Luhut Minta Lahan Sawit Ilegal di Hutan di Ampuni, Partai Buruh: Diskriminasi Kebijakan!

Luhut Minta Lahan Sawit Ilegal di Hutan di Ampuni, Partai Buruh: Diskriminasi Kebijakan!

Gelora News
facebook twitter whatsapp


GELORA.CO - Partai Buruh buka suara soal rencana Menteri Koordinator Maritim dan Investasi (Menkomarinves) Luhut Binsar Panjaitan melakukan pemutihan atau pengampunan 3,3 juta hektare lahan sawit yang berada di kawasan hutan.
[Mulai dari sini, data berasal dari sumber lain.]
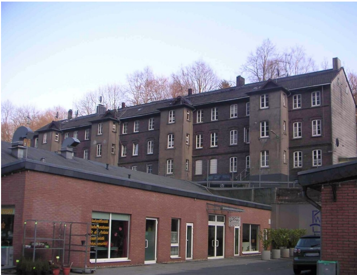
Arbeiterwohnhäuser Vogelsmühle 2-5 (2008)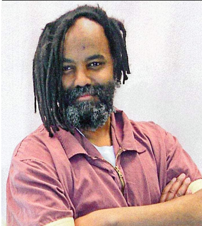
مومیا ابوجمال (امریکایی)، د ۱۹۹۴ کال دسمبر

بگذریم از اینکه سطح کارگران بیکار بیش از پیش افزایش یافته است و این خود سطح استثمار طبقه کارگر را بالا برده است. در حال حاضر کارگران کشور ما، ارزان ترین نیروی کار در کشورهای منطقه به شمار می رود.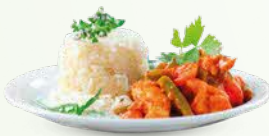
Kari sayur-sayuran dan Nasi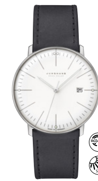
max bill Mega Solar 59/2020.02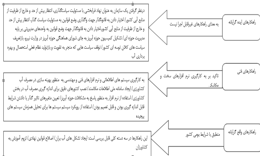
شکل شماره ۳. جریان‌شناسی یافته‌ها و راهکارهای پژوهشی استخراجی از مقالات مورد بررسی

راهکارهای مورد بررسی این مقاله را می‌توان از سه بعد راهکارهای آرمانی و ایده‌آل، راهکارهای واقع‌گرا یا راهکارهای منطبق با شرایط بومی کشور و راهکارهای فنی دسته‌بندی کرد. راهکارهای آرمانی یا ایده‌آل اولاً: به معنای راهکارهای غیرقابل اجرا نیست بلکه به معنای ارائه راهکارهایی است که در شرایط فعلی کشور اساساً توسط سطوح مدیران ارشد قابل پیگیری نمی‌باشد و در شرایط حاضر نمی‌تواند به عنوان راه حل فوری و قطعی عملیاتی شود و نیازمند گذر زمان می‌باشد. ثانیاً: در میان پیشنهادات یک نویسنده همه راهکارها نمی‌تواند ایده‌آل (آرمانی)، واقع‌گرایانه یا فنی باشد بلکه می‌تواند ترکیبی از این راه‌ها به عنوان راه‌های پیشنهادی از دیدگاه نگارنده مقاله یا پایان نامه ارائه شود. راهکارهای ایده‌آل‌گرایانه بر سیاست‌هایی چون در نظر گرفتن یک سازمان به عنوان نهاد فرابخشی با مسئولیت سیاست‌گذاری، انتظار بیش از حد و خارج از ظرفیت منابع آبی کشور، اختیار دادن به قانون‌گذار جهت واگذاری وضع قوانین به واحدهای مدیریتی بر پایه مدیریت حوزه‌ای، تشکیل کمیسیون حوضه آبریز به جای شورای هماهنگی حوزه آبریز در وزارت نیرو، بازتعریف سیاست‌های کلان توسعه‌ای کشور، توقف سیاست‌هایی که بر تقویت و بازتولید نظام فعلی استحصال و بهره‌برداری آب تأکید می‌کنند. به هر حال در مجموع ۲۳ درصد از مقالات چنین راهکارهایی را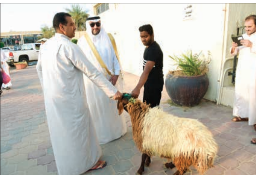
ذبح الأضحية سنة مؤكدة

اللله أكبر الله أكبر الله أكبر، لا إله إلا الله، الله أكبر الله أكبر والله الحمد. اللهم صل وسلم وبارك على عبدك ورسولك محمد، وارضى اللهم عن الخلفاء الراشدين والأئمة المهديين: أبي بكر وعمر وعثمان وعلي، وعن سائر الصحابة أجمعين، اللهم سلم الحجاج والمعتمرين، وردداهم إلى أهلهم سالمين غانمين. اللهم اغفر للمسلمين والمسلمات، والمؤمنين والمؤمنات، الأحياء منهم والأموات. اللهم وفق أمير البلاد وولي عهده ولاة أمور المسلمين لما تحب وترضى، وخذ بنواصيرهم للبر والتقوى، وهب لهم البطانة الصالحة الناصحة التي تدلهم على الخير وتعينهم عليه، واجعل بلادنا بلاد أمن وأمان، ورخاء وسعة رزق، واصرف عنها الشرور والفتن، ما ظهر منها وما بطن.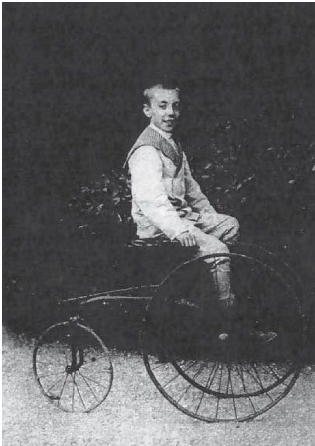
Поль Пуаре в Бийанкуре, 9 лет

На выставке я увидел и другие чудеса: различные области применения электричества, фонограф и так далее... Я хотел лично познакомиться с Эдисоном 9 или написать ему письмо, чтобы от себя поздравить и поблагодарить за то, что он сделал для человечества. Переносная

Menurut Partai Buruh, pengampunan lahan sawit ilegal itu berpotensi memperuncing jurang diskriminasi kebijakan. 

"Pengampunan sawit korporasi di kawasan hutan menunjukan pemerintah lebih berpihak kepada pengusaha besar," kata Ketua Bidang Reforma Agraria dan Kedaulatan Pangan Partai Buruh, Angga Hermanda melalui keterangan persnya, Jumat 7 Juli 2023. 

Angga mengatakan, pemerintah semestinya menegakkan hukum, bukan berkompromi dengan korporasi melalui pengampunan. Karena tidak semua kasus yang terjadi dapat diselesaikan secara sama rata dengan pemutihan.  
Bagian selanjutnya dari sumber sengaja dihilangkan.